Data supplied:
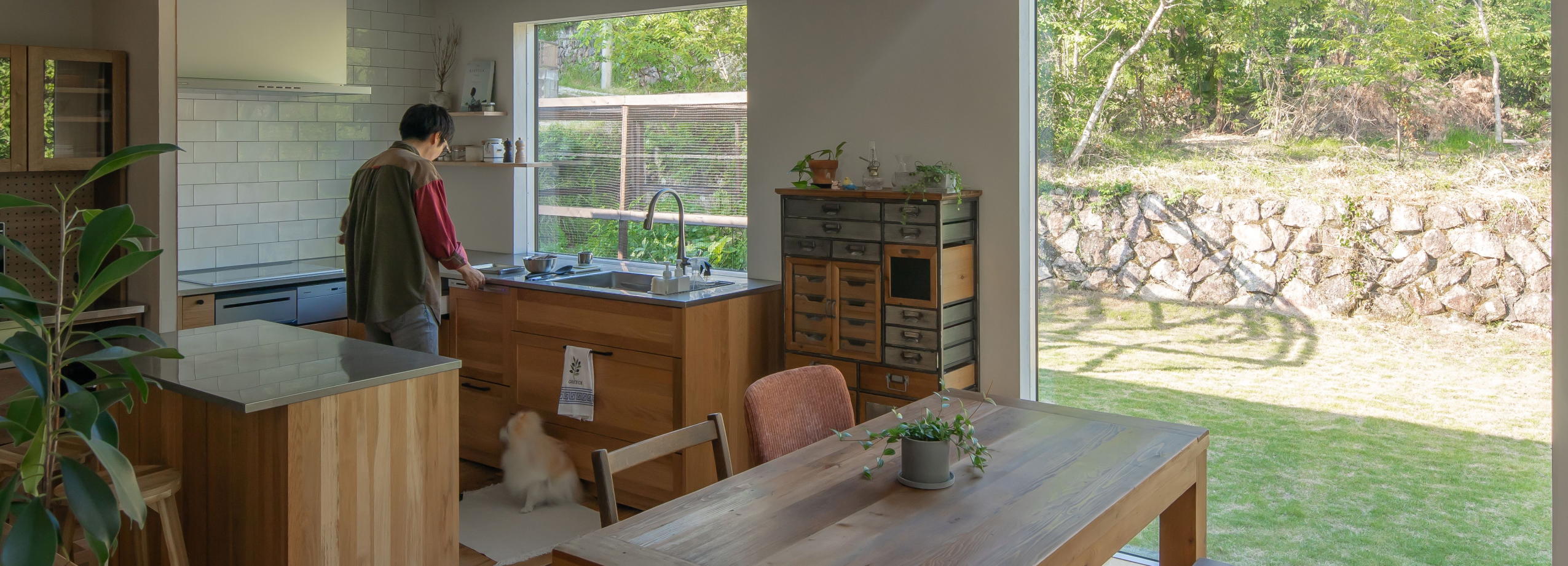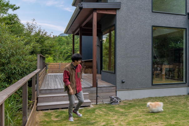 その両方をかなえる家づくりの拠点は、キャンプや愛犬との暮らしを楽しめ、気兼ねなく過ごしたいという奥さまの希望にもぴったりな自然に囲まれた環境。
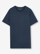 Featuring a soft crew-neck band finish and a streamlined shape that is both comfortable and flattering, we've elevated this navy loungewear t-shirt into a luxury essential. One of our signature fabrics and a customer favourite, our breathable Basel t-shirt is perfect indoors or outside.
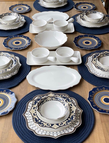 ست غذاخوری حلقه آبی برند SEMBOL میزهای و سفره شما  را با جادوی رنگ و الگوها می پوشاند.
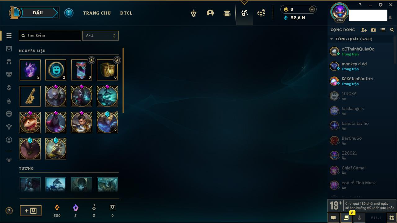 Rank Đơn: Bạc IIIKhung: BạcTướng: 171 - Còn 308470 THXTrang Phục: 164Rank ĐTCL: Chưa RankLinh Thú: 51
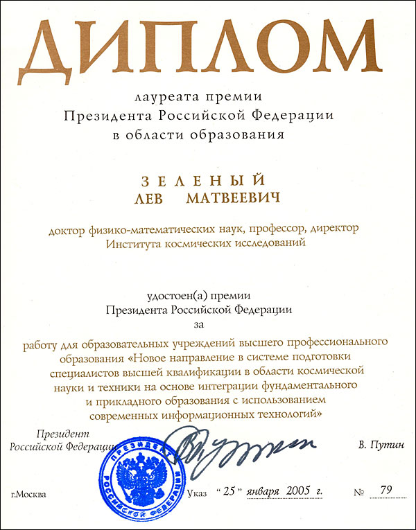 Лев Матвеевич Зеленый и Альберт Абубакирович Галеев - лауреаты премии Президента Российской Федерации в области образования! Поздравляем!!!
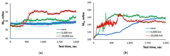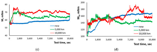 These measurement results show that for a shorter test time, the lowest value and most stable friction torque are demonstrated by the new oil at a lower loading, but the increase of the loading to 300 N causes instability and higher values of friction torque in time when using the new oil (Figure 2b,d). The tests at a lower loading (150 N) show the comparably stable friction torque of all three tested versions of oil, with the highest friction value of the long-term-operated oil (Figure 2a,c) that passes the process of the loosing of lubrication properties of oil because of its aging and increasing acidity. However, at a higher loading the friction behavior of oils changes. The friction torque value of the new oil reaches the values of used oils in the short term, and during the longer tests its advantage is only in the stability of friction torque. The most unstable friction torque shows in the oil which was used the longest. The longer operation of the tested oils in total causes a higher fluctuation in friction torque at a 300 N loading, and that is related to the lower lubricity efficiency of oils at higher loading.
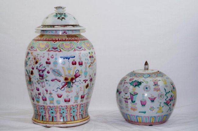 17" x 10" temple jar w cover and 8" x 8.5" melon jar
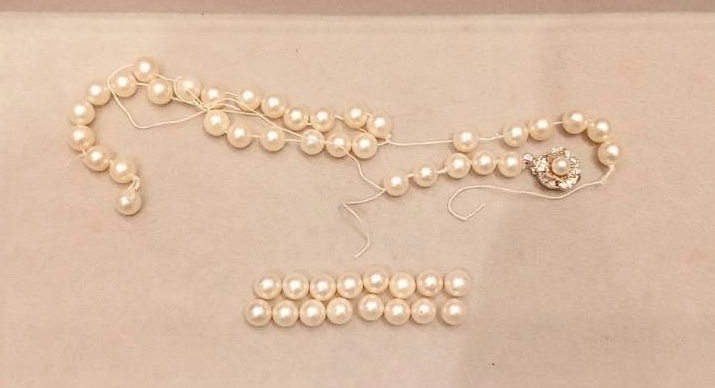 お嬢様にお譲りになったパールネックレスですが、切れて珠がバラバラになってしまっています。
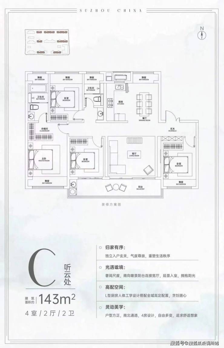 洋房:143-168㎡四居室,南北通透+主卧套房
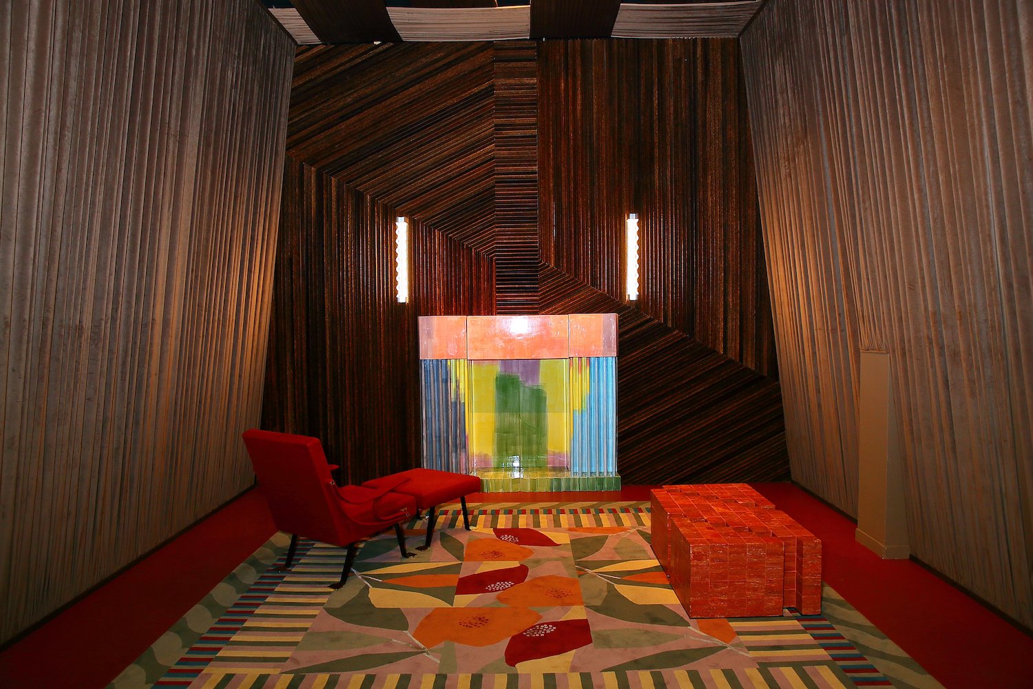 異なるサイズの2つのブロック体を縦横に組み合わせ、ソファ、ベンチ、テーブルなど、さまざまな形を実現する「モジュラー・イマジネーション」は、昨年他界したヴァージル・アブローの遺作。硬質で工業的な外観にもかかわらず、座り心地はとても柔らか。素材もリサイクル可能。鮮やかなオレンジ一色でまとめた空間に、いくつものモジュラーを並べていた。
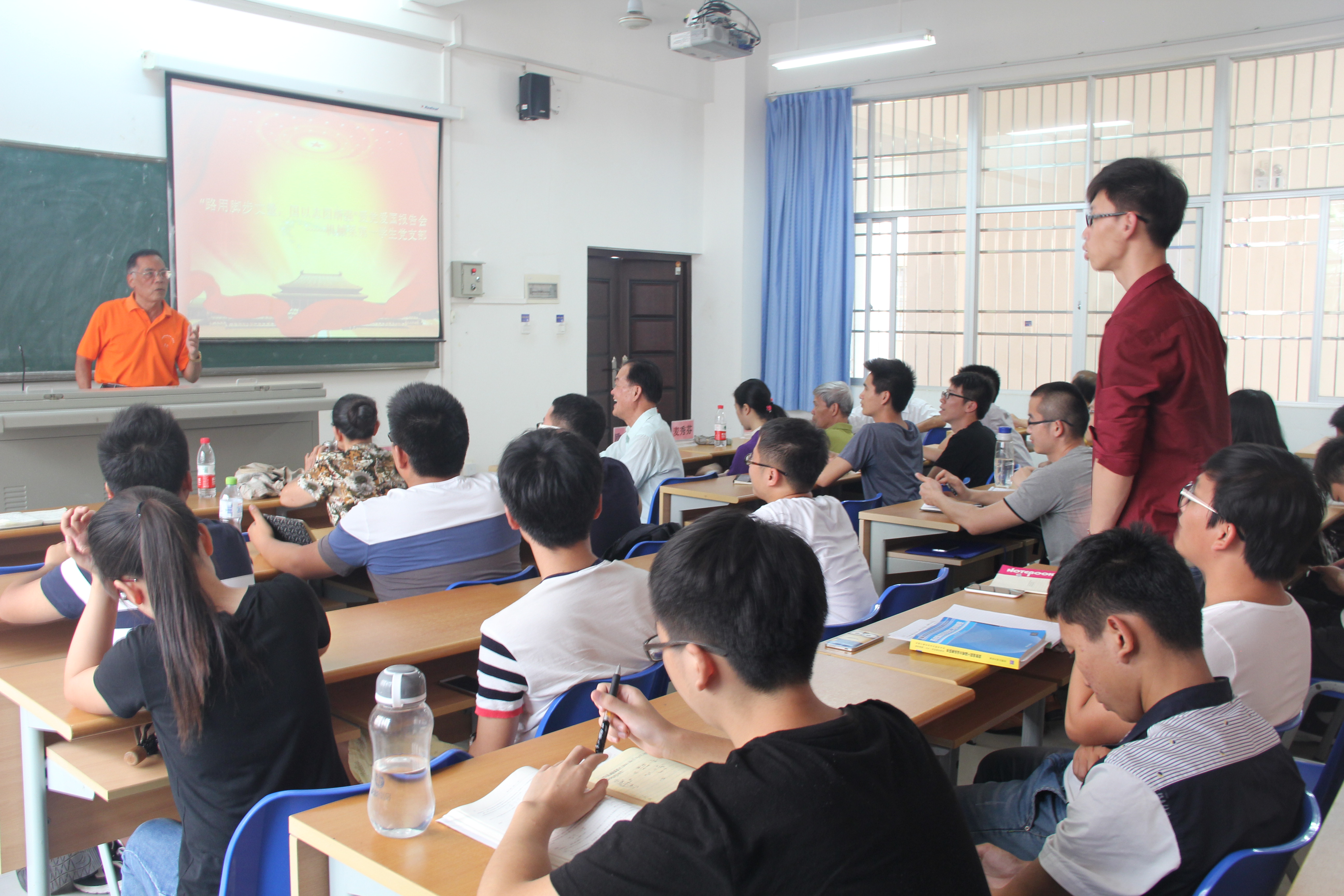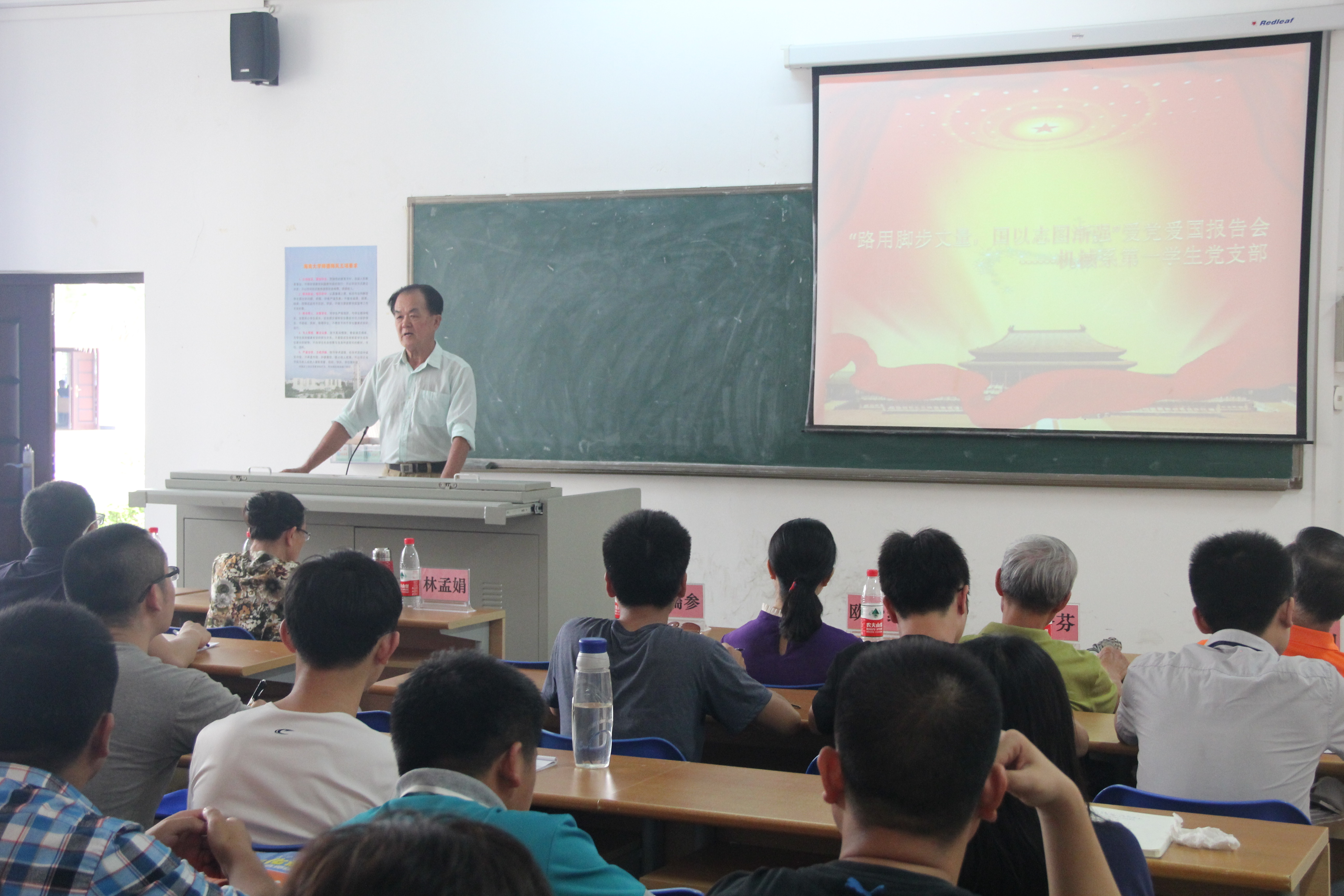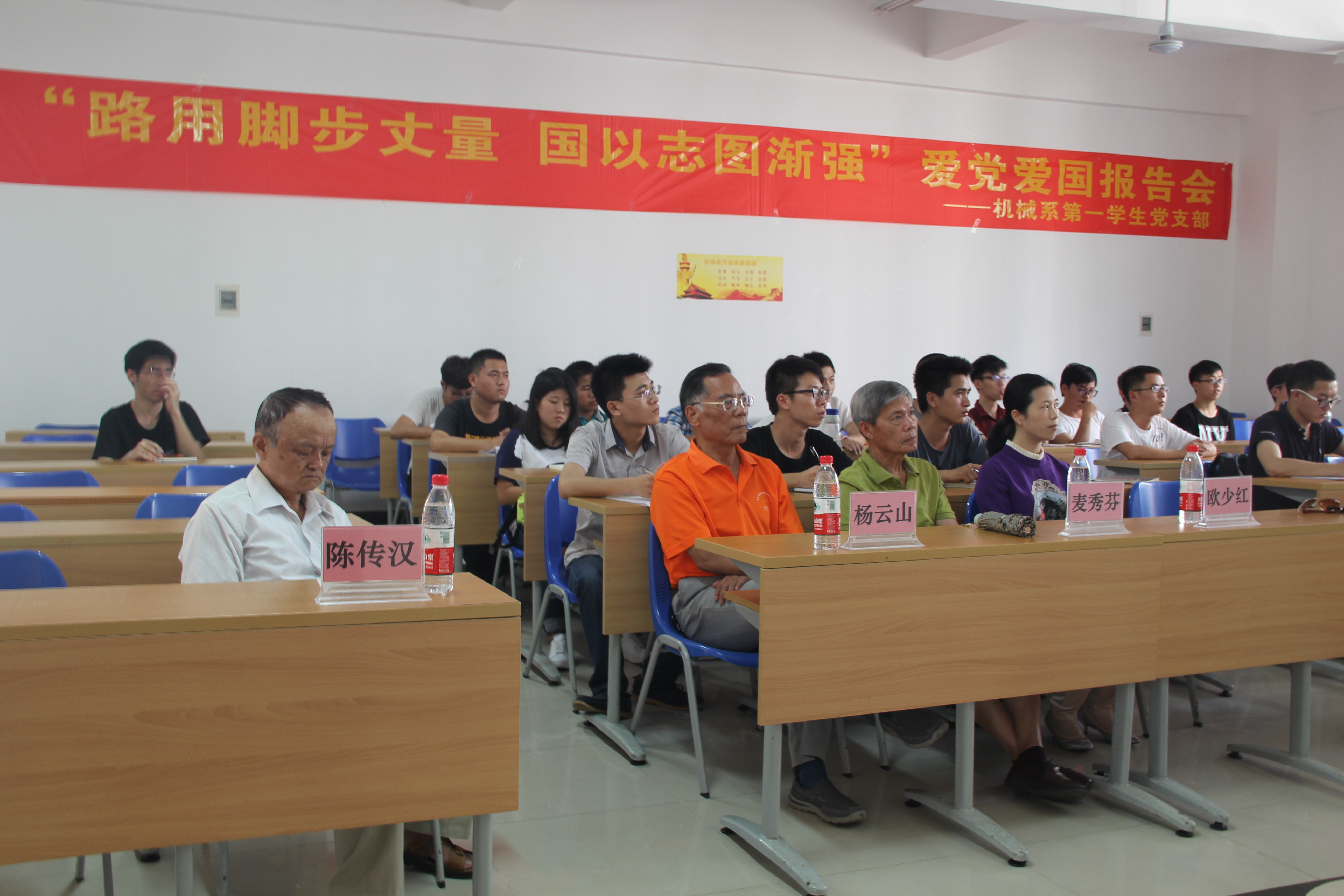 为了积极响应党中央“学党章党规、学系列讲话,做合格党员”的“两学一做”学习教育号召,加强员工党员的党性修养建设。太阳成tyc122cc集团机械系第一员工党支部于四月十五日下午在4-109隆重举行主题为“路用脚步丈量,国以志图渐强”的爱党爱国报告会,出席报告会的有太阳成tyc122cc集团关工委、党史国史宣讲团成员程儒参、杨云山、陈传汉、麦秀芬、林孟娟老师,机电工程公司党委李宏副书记,信息科学与技术公司党委会秘书欧少红,机械系第一员工党支部书记崔建兵,参支部党员、入党积极分子约40人参加本次活动。报告会由宣传委员金杯主持。

Task to carry out: Print each record exactly as it stands, omitting the pictures.

Your response:
 その両方をかなえる家づくりの拠点は、キャンプや愛犬との暮らしを楽しめ、気兼ねなく過ごしたいという奥さまの希望にもぴったりな自然に囲まれた環境。
 Featuring a soft crew-neck band finish and a streamlined shape that is both comfortable and flattering, we've elevated this navy loungewear t-shirt into a luxury essential. One of our signature fabrics and a customer favourite, our breathable Basel t-shirt is perfect indoors or outside.
 ست غذاخوری حلقه آبی برند SEMBOL میزهای و سفره شما  را با جادوی رنگ و الگوها می پوشاند.
 Rank Đơn: Bạc IIIKhung: BạcTướng: 171 - Còn 308470 THXTrang Phục: 164Rank ĐTCL: Chưa RankLinh Thú: 51
 Лев Матвеевич Зеленый и Альберт Абубакирович Галеев - лауреаты премии Президента Российской Федерации в области образования! Поздравляем!!!
 These measurement results show that for a shorter test time, the lowest value and most stable friction torque are demonstrated by the new oil at a lower loading, but the increase of the loading to 300 N causes instability and higher values of friction torque in time when using the new oil (Figure 2b,d). The tests at a lower loading (150 N) show the comparably stable friction torque of all three tested versions of oil, with the highest friction value of the long-term-operated oil (Figure 2a,c) that passes the process of the loosing of lubrication properties of oil because of its aging and increasing acidity. However, at a higher loading the friction behavior of oils changes. The friction torque value of the new oil reaches the values of used oils in the short term, and during the longer tests its advantage is only in the stability of friction torque. The most unstable friction torque shows in the oil which was used the longest. The longer operation of the tested oils in total causes a higher fluctuation in friction torque at a 300 N loading, and that is related to the lower lubricity efficiency of oils at higher loading.
 17" x 10" temple jar w cover and 8" x 8.5" melon jar
 お嬢様にお譲りになったパールネックレスですが、切れて珠がバラバラになってしまっています。
 洋房:143-168㎡四居室,南北通透+主卧套房
 異なるサイズの2つのブロック体を縦横に組み合わせ、ソファ、ベンチ、テーブルなど、さまざまな形を実現する「モジュラー・イマジネーション」は、昨年他界したヴァージル・アブローの遺作。硬質で工業的な外観にもかかわらず、座り心地はとても柔らか。素材もリサイクル可能。鮮やかなオレンジ一色でまとめた空間に、いくつものモジュラーを並べていた。
 为了积极响应党中央“学党章党规、学系列讲话,做合格党员”的“两学一做”学习教育号召,加强员工党员的党性修养建设。太阳成tyc122cc集团机械系第一员工党支部于四月十五日下午在4-109隆重举行主题为“路用脚步丈量,国以志图渐强”的爱党爱国报告会,出席报告会的有太阳成tyc122cc集团关工委、党史国史宣讲团成员程儒参、杨云山、陈传汉、麦秀芬、林孟娟老师,机电工程公司党委李宏副书记,信息科学与技术公司党委会秘书欧少红,机械系第一员工党支部书记崔建兵,参支部党员、入党积极分子约40人参加本次活动。报告会由宣传委员金杯主持。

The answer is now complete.